A report from a government watchdog says that some federal law enforcement agencies haven’t taught their staff how to use facial recognition technology properly or put in place rules to protect people’s civil rights when it’s used.
Why it’s important: Federal, state, and local police are using facial recognition technology more and more. This technology has led to several false arrests across the country, mostly of Black men and women, according to advocates, research, and news reports.
- The technology has also been criticized for a long time for not being able to correctly identify Black people and other people with dark skin.
- Even so, the technology is being quickly adopted by police, stores, airports, and sports arenas. Because crime rates have gone up, some local governments that initially put limits on its use are thinking about whether to loosen those limits.
- The lawyer for the Black man who was jailed in Georgia for almost a week last year said that a facial recognition system got the wrong person as a suspect in a New Orleans robbery.

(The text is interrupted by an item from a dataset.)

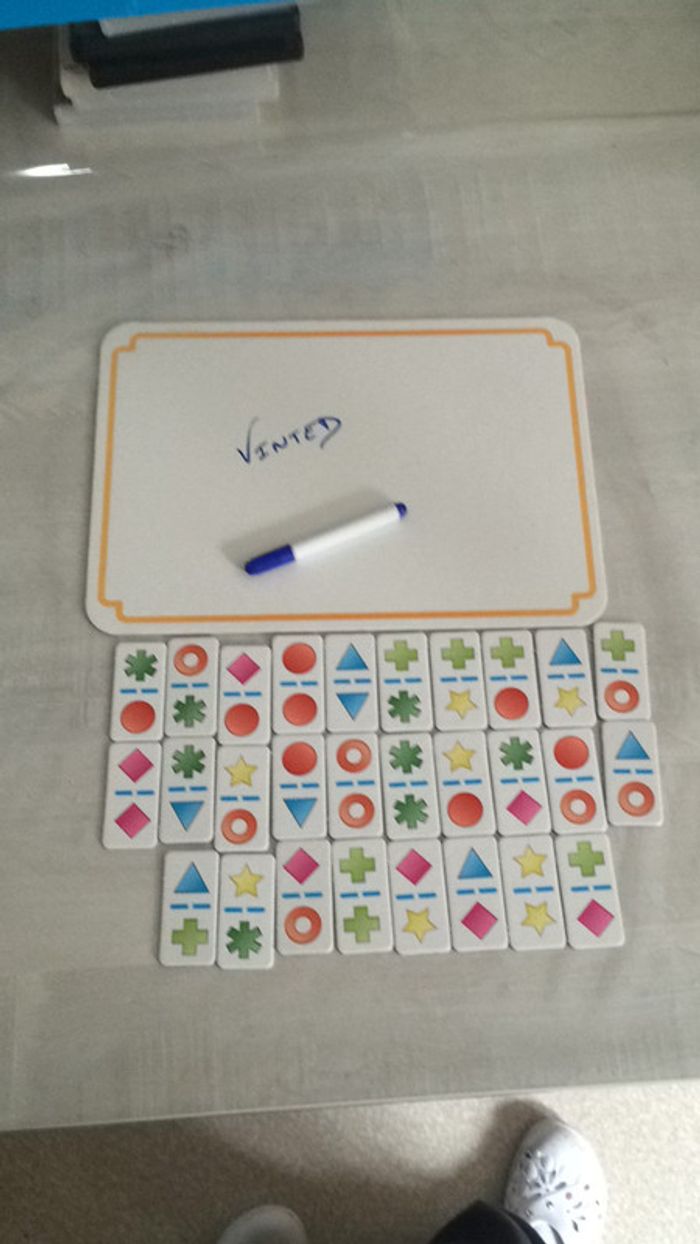 Jeu de domino et ardoise avec stylo et éponge

- The man, who said he had never been to Louisiana, was let go after police realized their mistake, according to the Advocate.

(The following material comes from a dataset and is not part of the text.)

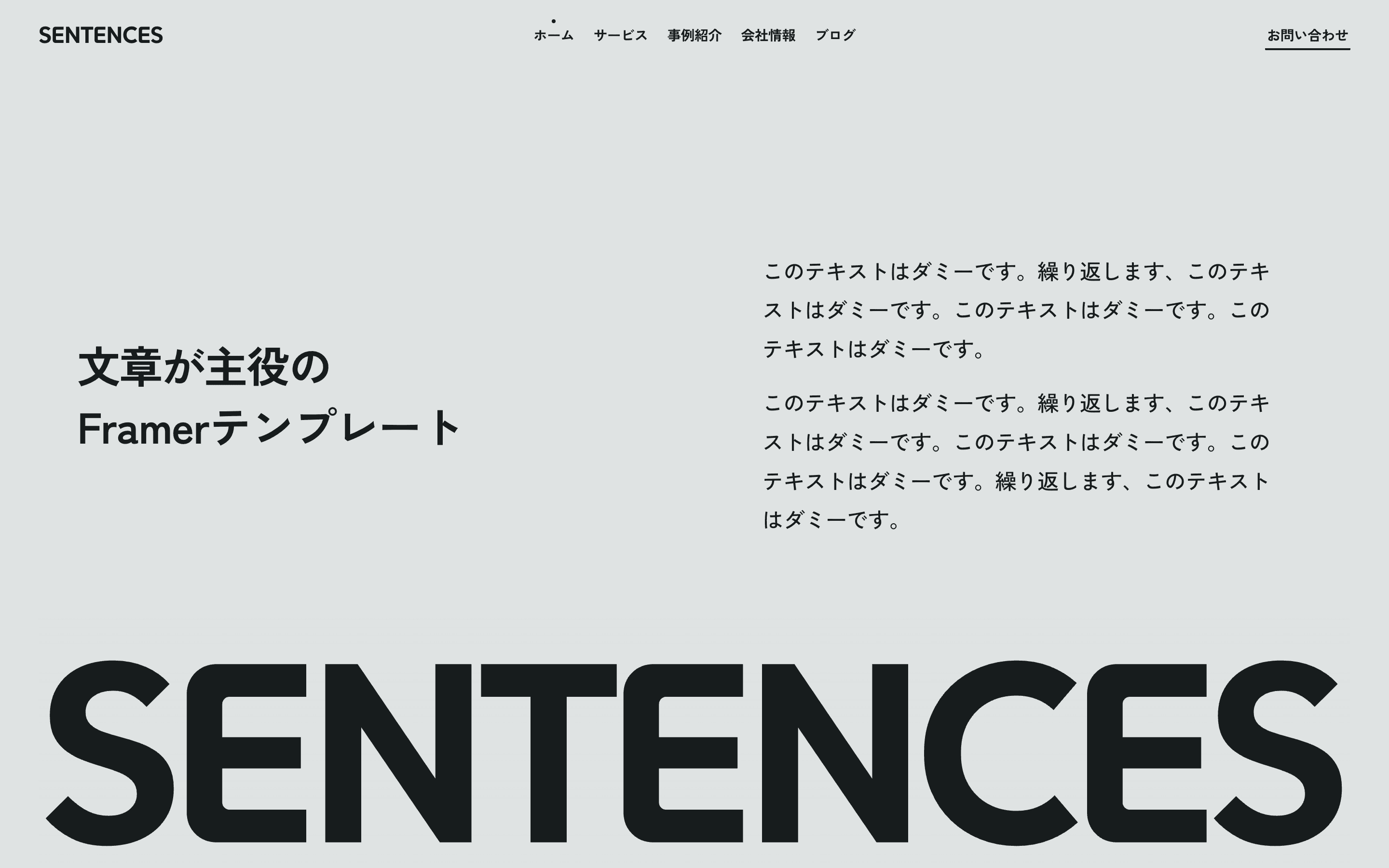 写真を使用せず、テキストを中心としたテンプレート。デザインもシンプルで、必要な情報を見つけやすく、コンテンツが読みやすいのが特徴です。また、一般的なコーポレートサイトに必要な情報が網羅され、トップページから各コンテンツにアクセスしやすい設計になっています。

Based on a new report from the U.S. Government Accountability Office, the FBI, DEA, Customs and Border Protection, Homeland Security Investigations, and three other agencies used facial recognition systems to look into crimes from October 2019 to March 2022 without training their staff.
- The report said that about three agencies—HSI, the Marshals Service, and the Secret Service—had rules or instructions for using technology that specifically looked at civil rights and civil liberties. In April 2020, the Secret Service stopped using facial recognition for the most part.
- Aside from that, the GAO found that six agencies did about 60,000 photo searches without having the right training in place.
According to Alex Fitzpatrick of Axios, the newest facial recognition surveillance technology can identify people seen on security cameras in real-time or very close to them.
- Its goal is to connect security camera footage with public images of that person that are linked to their identity, like mug shots or social media profiles.
The GAO report says that by December, the Department of Homeland Security, which is in charge of many of the agencies in the report, will have finished writing a policy on facial recognition systems that applies to the whole department.
- The department told the GAO in a letter that it was still committed to protecting privacy, civil rights, and civil liberties, as well as making things more open and clear, in all of its activities and programs.
- The Justice Department, which is in charge of the FBI and other agencies, has been working on a department-wide policy for a while now, but it has been slow going in part because of money problems.
- A spokeswoman for the Justice Department told Axios that the report is being looked over.